Even the normally dour Larry Brown was laughing and smiling in his postgame gaggle, which I don’t remember happening in the last month or so. And what could he complain about? They didn’t force nearly as many turnovers as they would like (9), turned the ball over themselves too much (14). But after a month of shaky performances, a coach can relax after beating up the Easter Conference leaders.

Thomas was playing on energy and hustle; he himself said the playbook went out the window once he got on the court. And though that sounds charming for a successful first night, he’s going to have to buckle down and get into the offense in the next few weeks. Really, though, we could not have hoped for a better debut.

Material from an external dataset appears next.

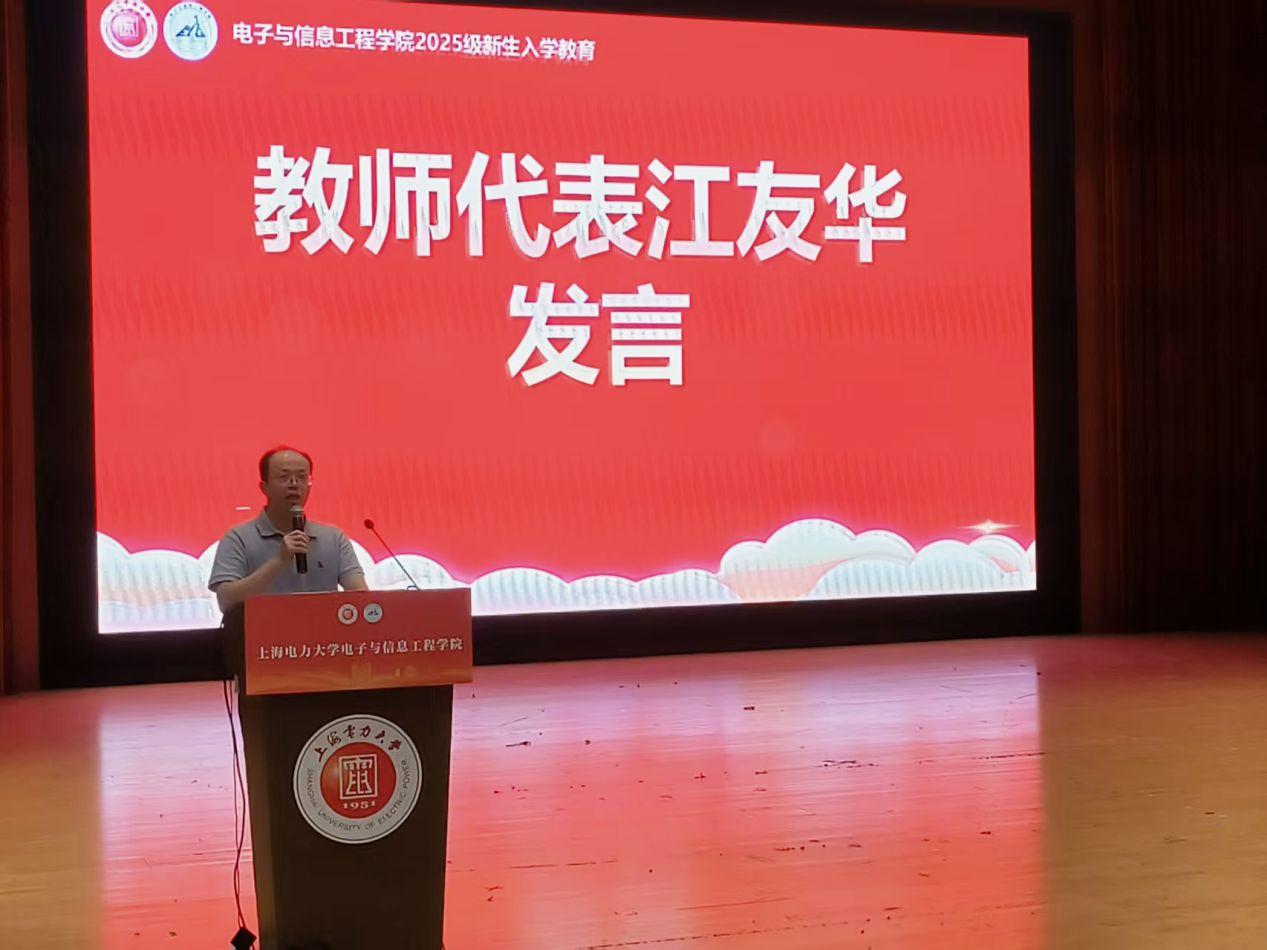 教師代表江友華教授結(jié)合自身經(jīng)歷與學(xué)科知識,為全體新生講授了一堂生動的思政課。他強(qiáng)調(diào),大學(xué)是一片比高中更為廣闊的天地,不僅要掌握專業(yè)知識,更要注重將書本知識轉(zhuǎn)化為解決實(shí)際問題的能力和未來的職業(yè)競爭力。江友華勉勵同學(xué)們積極參與課程實(shí)踐,在動手操作中深化理論理解;同時,要主動投身于各類電子類學(xué)科競賽,以賽促學(xué)、以賽促練,全面提升自身的創(chuàng)新實(shí)踐與綜合素養(yǎng),為成長為卓越的工程科技人才奠定堅實(shí)基礎(chǔ)。

‘Cat of the Night – Tyrus Thomas blasts into Charlotte with a near double double and changes the face of their defense with 6 blocks, including a lefty block that resulted in him getting jaw jacked by Anderson Varejao.

Stat of the Night – -2. That was King James’ plus/minus at the end of the game. The Bobcats thoroughly dominated the second half, and James’ numbers reflect that.

Notable Notables

  • The Bobcats and the Nuggets are the only two teams in the league to take a season series from the Cavaliers.
  • D.J. Augustin looked like he was a free man. He scored his 12 points from close in, mid range (a great drive to the basket when he spun back out, driving Shaquille O’Neill under the basket and nailing a 17 foot jumper) and from distance, with a buzzer beating 3 at the end of the third.
  • Jamison came off the bench and never looked comfortable. The shots he missed were shots he clearly can make, but he had been struggling over the last few games with the Wizards anyway. He has only scored in double figures twice in the month of February.
  • It is possible to overvalue what Thomas and Ratliff did last night. But it is undeniable that the energy they played with made this team look like the one that ripped off the long home winning streak in December and January. Now if that energy can generate more turnovers for their opponents, the Bobcats are well on their way.